Quality gates can also be configured via hooks:
TeammateIdle: Runs before a team member goes idleTaskCreated: Validates on task creation; exit 2 blocks creationTaskCompleted: Validates before marking complete; exit 2 blocks completion
Monitoring Task State via the Python / TypeScript SDK
When programmatically controlling Claude Code via the SDK, you can retrieve task progress in real time by reading the tool_use blocks in the assistant's stream.
from claude_agent_sdk import query, AssistantMessage, ToolUseBlock
async for message in query(prompt="Optimize the performance of a React app"):
if not isinstance(message, AssistantMessage):
continue
for block in message.content:
if not isinstance(block, ToolUseBlock):
continue
if block.name == "TaskCreate":
print(f"📋 Created: {block.input['subject']}")
elif block.name == "TaskUpdate":
status = block.input.get("status", "")
icon = "✅" if status == "completed" else "🔧" if status == "in_progress" else "⏳"
print(f"{icon} Updated: {block.input['taskId']} → {status}")
The task_id is obtained from the tool_result of TaskCreate. The input to TaskCreate does not contain a task_id. It is returned as the corresponding tool_result block in the form { "task": { "id": "...", "subject": "..." } }, so accumulate these in a map.
The official Todo Tracking guide includes sample code for both TypeScript and Python.
Comparison with TodoWrite and Migration Points
The switch to Task tools is enabled by default in TypeScript Agent SDK 0.3.142 / Claude Code v2.1.142. If you need the legacy TodoWrite behavior, you can revert with CLAUDE_CODE_ENABLE_TASKS=0.
| Aspect | TodoWrite (old) | Task tools (new) |
|---|---|---|
| Creation | Batch-rewrite the full list as an array | One at a time with TaskCreate |
| Updates | Overwrite the full list | Individual patch with TaskUpdate(taskId, ...) |
| State retrieval | Access all todos directly from return value | TaskList / TaskGet |
| task_id | Does not exist | Must be retrieved and managed from tool_result |
| SDK monitoring | Watch for block.name === "TodoWrite" |
Watch for TaskCreate / TaskUpdate |
| Status values | pending / in_progress / completed | Same + deleted added |
Detailed migration steps in Python are covered in "Claude Agent SDK Python | TodoWrite Deprecation and Migration to Task Tools."
Common Practical Patterns
Large-Scale Refactoring
For refactoring spanning multiple files, Claude Code automatically creates per-file tasks and tracks progress with in_progress → completed. Even if the session is interrupted mid-way, you can resume by checking remaining tasks with TaskList.
Integration into CI/CD Pipelines
With GitHub Actions integration, automated code reviews are run per PR and each checklist item is tracked as a Task. Security, performance, and test coverage are reviewed in parallel, and the review results are posted as comments on the PR.

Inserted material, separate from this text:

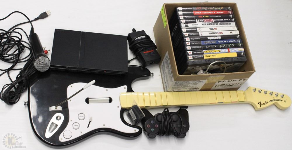 13 GAMES INCLUDING GRAN TURISMO 3 A-SPEC AND CRAZY TAXI, ROCK BAND MIKE + GUITAR, 128MB CARD, AND 8MB CARD.
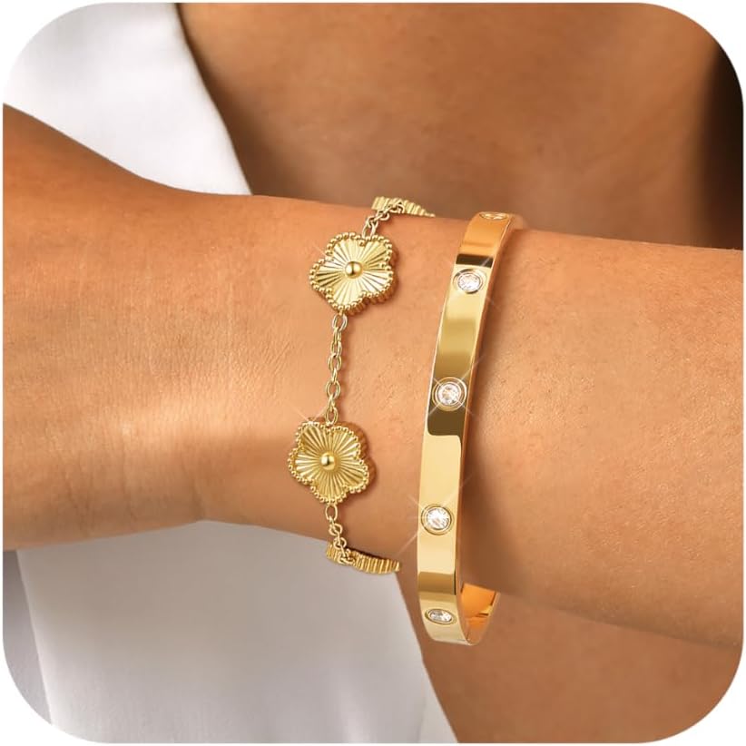 MPRAINBOW Womens Stackable Gold Bracelets Jewelry, 18K Gold Plated Floral Bracelet,Bangles Non Tarnish, Gold Cubic Zirconia Chain Set Trendy Gift,Christmas Valentines Birthday Gifts for Girlfriend

Parallel Debugging via Competing Hypotheses
When the root cause of a bug is unknown, this approach involves forming multiple hypotheses and investigating each independently in separate sessions. Using Agent Teams' shared task list, each session claims its assigned hypothesis and verifies it independently. Parallel hypothesis testing helps mitigate confirmation bias that tends to arise when investigating with a single session.